There are a number of techniques that officers use while the driver is still behind the wheel.  Most of these concepts apply the concept of divided attention.  They require the driver to concentrate on two or more things at the same time.

  • Asking for two things simultaneously forgets to produce both documents, produces documents other than the ones requested, fails to see the license, registration, or both while searching through their wallet or purse, fumbles or drops wallet, purse, license, or registration.
  • Asking interrupting or distracting questions  The second technique, asking interrupting or distracting questions, forces the driver to divide attention between searching for the license or registration and answering a new question.  Be alert for the driver who
    • Ignores the question and concentrates only on the license or registration search
    • Forgets to resume the search after answering the questions;
    • Supplies a grossly incorrect answer to the question.
  • Asking unusual questions The third technique, asking unusual questions, is employed after the officer has obtained the driver’s license and registration.  Using this technique, the officer seeks verifying information through unusual questions.  Unusually questions require the driver to precess information; this can be especially difficult when the driver does not expect to have to process information.

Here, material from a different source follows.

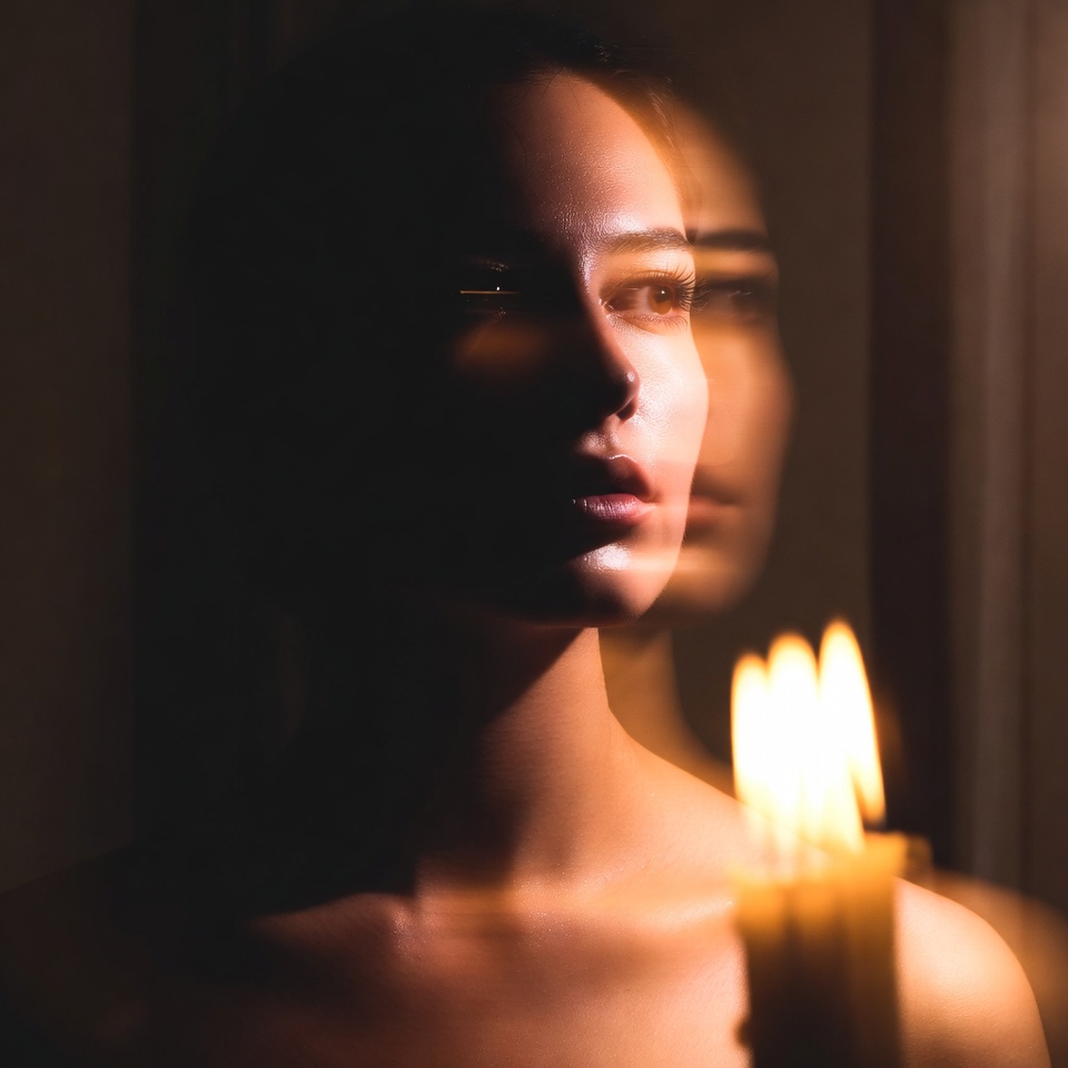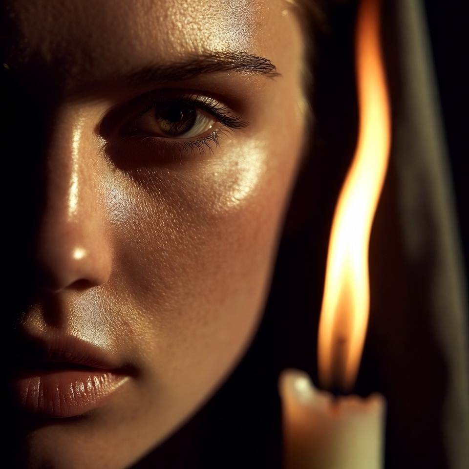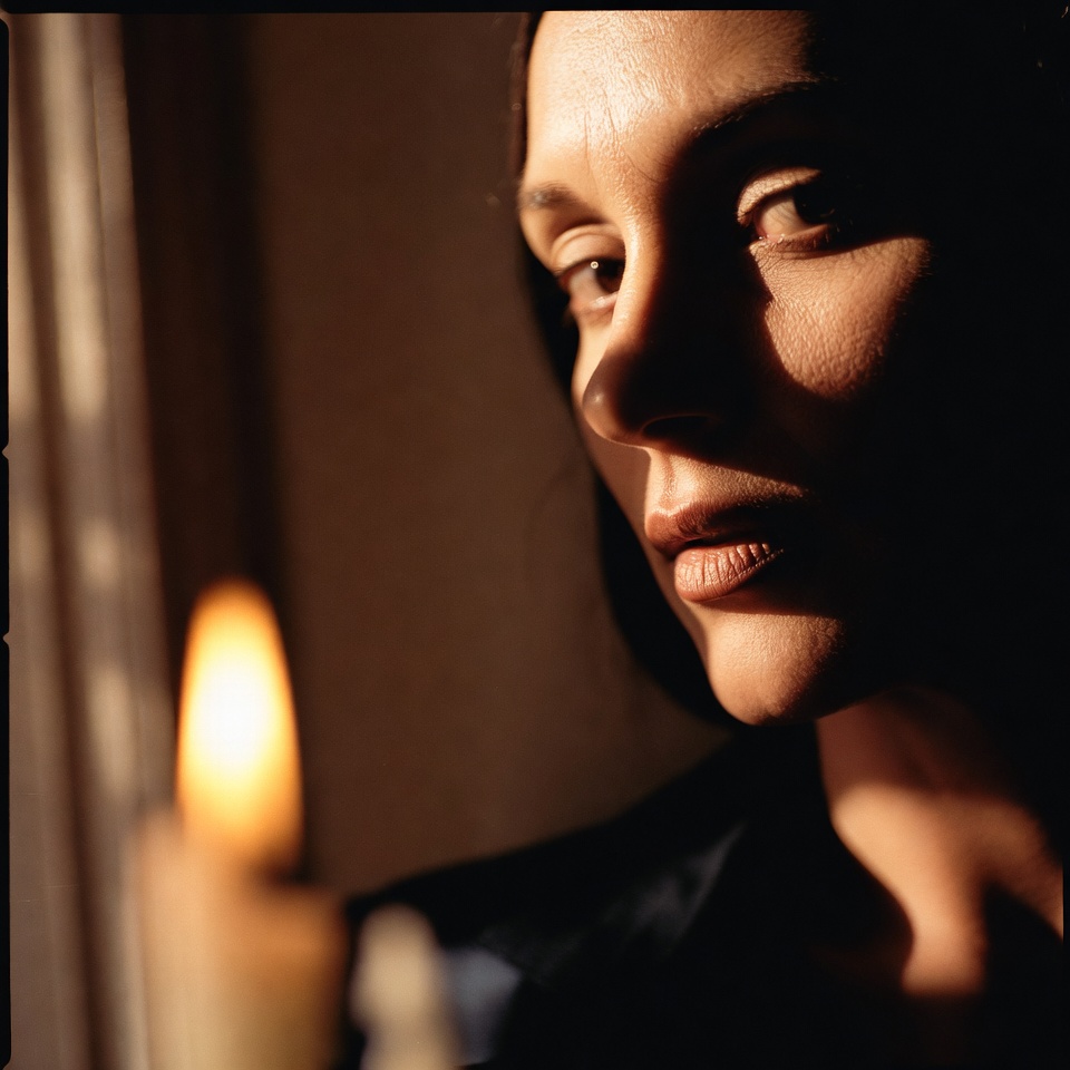 To keep candlelight from turning “romantic,” the key is contrast discipline: emphasize shadow density, keep fill light minimal, and let the flame motivate the highlight direction.
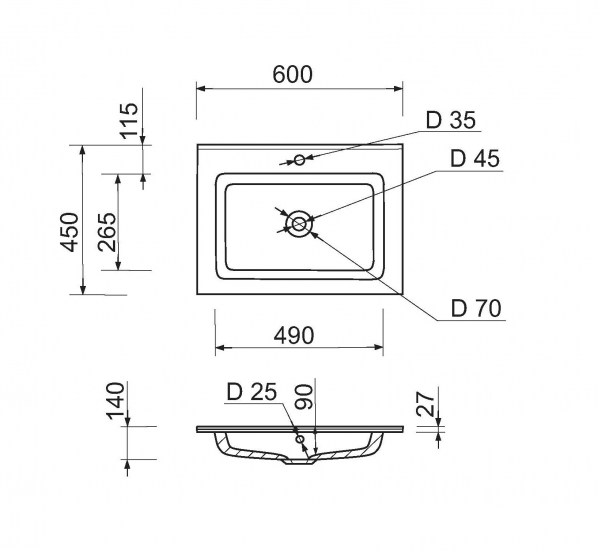 Раковина Adamant FLAT має прямокутну форму, виготовлена зі штучного каменю з розмірами 600 x 450 x 140 мм та білим кольором. Накладний тип встановлення з отворами для змішувача та переливу дозволяє монтаж на тумбу. Матеріал створений за технологією Solid Surface, стійкий до впливу та довговічний.

This technique requires the subject to recite a part of the alphabet.  The officer instructs the subject to recite the alphabet beginning with a letter other than A and stopping at a letter other than Z.  This divides the driver’s attention because the driver must concentrate to begin at an unusual starting point and recall where to stop.


This technique requires the subject to count out loud 15 or more numbers in reverse sequence.  This also divides attention because the driver must continuously concentrate to count backwards while trying to recall where to stop.

Finger Count

In this technique, the subject is asked to touch the typo of the thumb in turn to the tip of each finger on the same hand while simultaneously counting up one, two, three, four; then to reverse direction on the fingers while simultaneously counting  down four, three, two, one.

Exit Sequence

The officers decision to instruct the driver to step from the vehicle usually is made after you have developed a suspicion that the driver is impaired.  Even though that suspicion may be very strong, usually the suspect is not yet under arrest when you give the instruction.

How the driver steps and walks from the vehicle and actions or behavior during the exit sequence, may provide important evidence of impairment for the officer.  Examples include

  • Shows angry or unusual reactions
  • Cannot follow instructions
  • Cannot open the door
  • Leaves the vehicle in gear
  • Climbs out of the vehicle
  • Leans against vehicle
  • Keeps hands on vehicle for balance

Phase 3

The officer’s first task is to administer structured, formal pyscho-physical tests.  Based on these tests, the officer must decide whether there is sufficient probable cause to arrest the driver for DWI.  The officer’s second task is then to arrange for or administer a Preliminary Breath Test.  In each phase of detection, the officer must determine whether there is sufficient evidence to establish reasonable suspicion necessary to proceed to the next step in the detection process.

  • Should I administer field sobriety tests to the driver?
  • How does the driver perform those tests?
  • What exactly did the driver do wrong when performing the tests?
  • Do I have probable cause to arrest for DWI?
  • Should I administer a preliminary breath test?
  • What are the results of the preliminary breath test?